The Duchess of Cambridge unveils 5 findings of biggest ever study on the early years
Today, our Royal Patron The Duchess of Cambridge has unveiled the findings of her '5 Big Questions on the under 5s' survey. The research reveals what the UK thinks about the early years, and explores how COVID-19 has impacted parents and carers of under-fives.
The publication of this research follows nine years of work by The Duchess of Cambridge in which she has looked at how difficult experiences in early childhood are often the root cause of key social challenges such as poor mental health, family breakdown, addiction and homelessness.
Published today, the research includes findings from the 5 Big Questions survey, a survey conducted on the impact of coronavirus on families and results from a nationally representative survey conducted before the pandemic. Taken together, these studies have generated 5 Big Insights:
- People overwhelmingly believe that a child’s future is not pre-determined at birth. However, most people don’t understand the specific importance of the early years. Answering the 5 Big Questions, 98% of people believe nurture is essential to lifelong outcomes, but just one in four recognise the specific importance of the first five years of a child’s life.

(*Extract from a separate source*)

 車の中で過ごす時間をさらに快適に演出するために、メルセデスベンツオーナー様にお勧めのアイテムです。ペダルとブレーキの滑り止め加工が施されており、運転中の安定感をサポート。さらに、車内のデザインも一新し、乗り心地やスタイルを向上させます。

- The reality of life makes it hard for parents to prioritise their wellbeing. 90% of people see parental mental health and wellbeing as being critical to a child’s development, but in reality people do very little to prioritise themselves. Only 10% of parents mentioned taking the time to look after their own wellbeing when asked how they had prepared for the arrival of their baby. Worryingly, over a third of all parents (37%) expect the COVID-19 pandemic to have a negative impact on their long-term mental wellbeing.

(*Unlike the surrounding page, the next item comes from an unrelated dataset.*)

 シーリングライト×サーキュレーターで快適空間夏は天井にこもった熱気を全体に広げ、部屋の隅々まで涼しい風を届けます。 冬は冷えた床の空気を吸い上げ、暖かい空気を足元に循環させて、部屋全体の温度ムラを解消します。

- Feeling judged by others can make a bad situation worse. 70% of parents feel judged by others and among these parents, nearly half feel this negatively impacts their mental health.
- People have been separated from family and friends during the pandemic and at the same time parental loneliness has dramatically increased. Disturbingly, people are also less willing to seek help for how they’re feeling. Parental loneliness has dramatically increased during the pandemic from 38% before to 63% as parents have been cut off from friends and family. The increase in loneliness for parents is more apparent in the most deprived areas. These parents are more than twice as likely as those living in the least deprived areas to say they feel lonely often or always (13% compared with 5%). Compounding this, it seems there has been a rise in the proportion of parents who feel uncomfortable seeking help for how they are feeling from 18% before the pandemic to 34% during it.
- During the COVID-19 pandemic, support from local communities has substantially increased for many - but not for all. Across the UK, communities have united powerfully to meet the challenge of unprecedented times. 40% of parents feel that community support has grown. However, parents in the most deprived areas are less likely to have experienced this increased support (33%) than elsewhere.
These insights highlight that parents and carers need help in understanding the importance of early years and the need to support them to ensure good mental health and wellbeing as they raise their children.
Next year, The Duchess will announce her plans to help raise awareness of the importance of early childhood.